Huit cents kilomètres. C’est le chiffre qui revient dans quasiment toutes les études sur le sujet, et il ne dépend pas de l’état visuel de la chaussure. Une paire de running peut sembler impeccable, semelle extérieure intacte, tige sans accroc, et pourtant avoir perdu l’essentiel de sa capacité d’amorti. Le problème ne se voit pas à l’œil nu. Il se loge dans la mousse de la semelle intermédiaire, celle qui encaisse chaque impact au sol, et qui se tasse de manière irréversible bien avant que quoi que ce soit ne s’effiloche à l’extérieur.
À retenir
- La dégradation de l’amorti commence dès 80 km et s’accélère : 25 % de perte initiale, 70 % après 800 km
- Vos genoux absorbent 4,88 % de chocs supplémentaires quand l’amorti s’épuise, même si la chaussure paraît parfaite
- Le kilométrage n’est qu’une moyenne : votre poids, le terrain et le type de mousse bouleversent ce calendrier
Ce qui se passe vraiment sous le pied
La mousse EVA, matériau le plus répandu dans les semelles intermédiaires, fonctionne un peu comme une éponge qu’on presse des milliers de fois par jour.
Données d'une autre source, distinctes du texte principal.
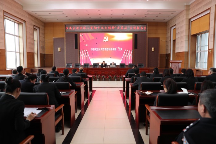 4月20日,伊春市委学习宣传贯彻党的十九大精神“走基层”宣讲团走进伊春市中级人民法院举行宣讲报告会。宣讲团成员、伊春市委党校公共管理教研部讲师王爽以《奋进新时代 谱写现代化伊春新篇章》为题作宣讲报告。伊春中院机关80余名干警认真聆听了宣讲报告会。
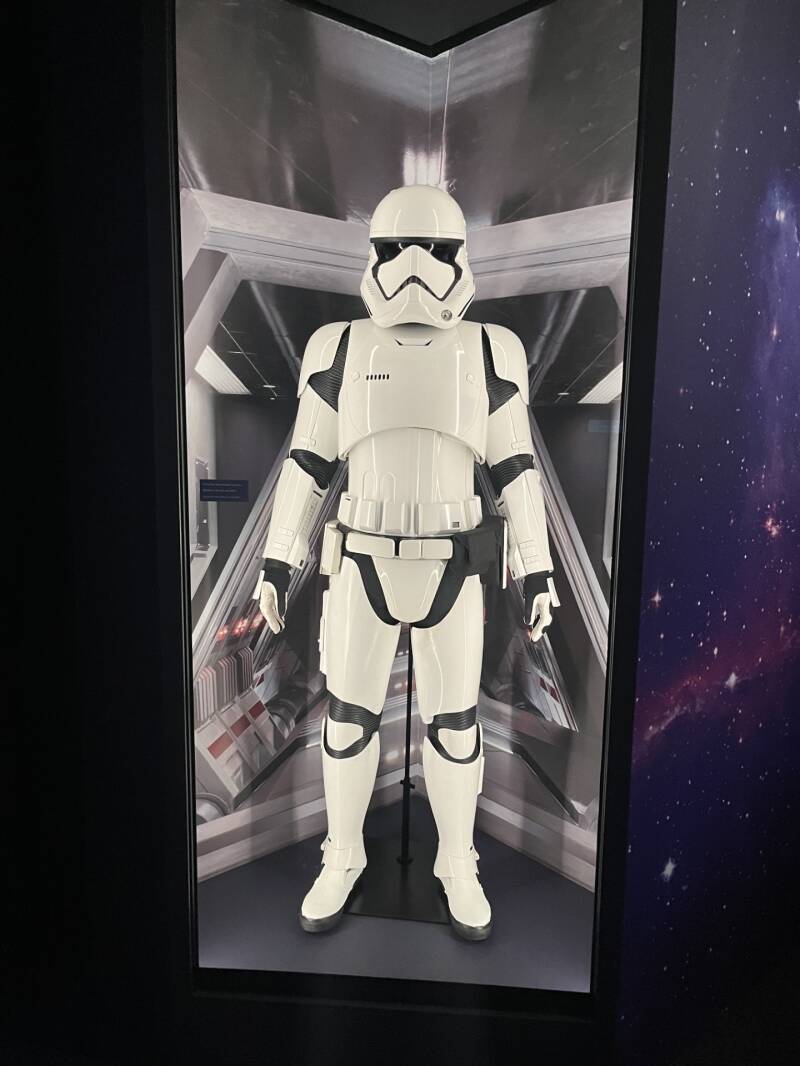 There was an entire section dedicated to Marvel which was so cool! The room was filled with epic props, legendary costumes, and jaw-dropping details from some of the biggest blockbusters in the MCU. I got to see Black Widow’s suit up close (yes, the actual suit!), and it was even more impressive in real life. Right next to it was Captain America’s shield which was an absolute highlight. Every single piece had that “wow” factor, and seeing them in person made the Marvel Universe feel even more real. There were also some very cool nods to Star Wars, with lightsabers, props and costumes sprinkled throughout.

Chaque foulée compresse la structure alvéolaire de la mousse, et cette dernière ne revient jamais tout à fait à sa forme initiale. Les spécialistes parlent de « compression set », le phénomène de déformation permanente du matériau de la semelle intermédiaire après des cycles de charge répétés. Le résultat : la chaussure s’aplatit progressivement, invisible depuis l’extérieur, mais bien réelle sous le pied.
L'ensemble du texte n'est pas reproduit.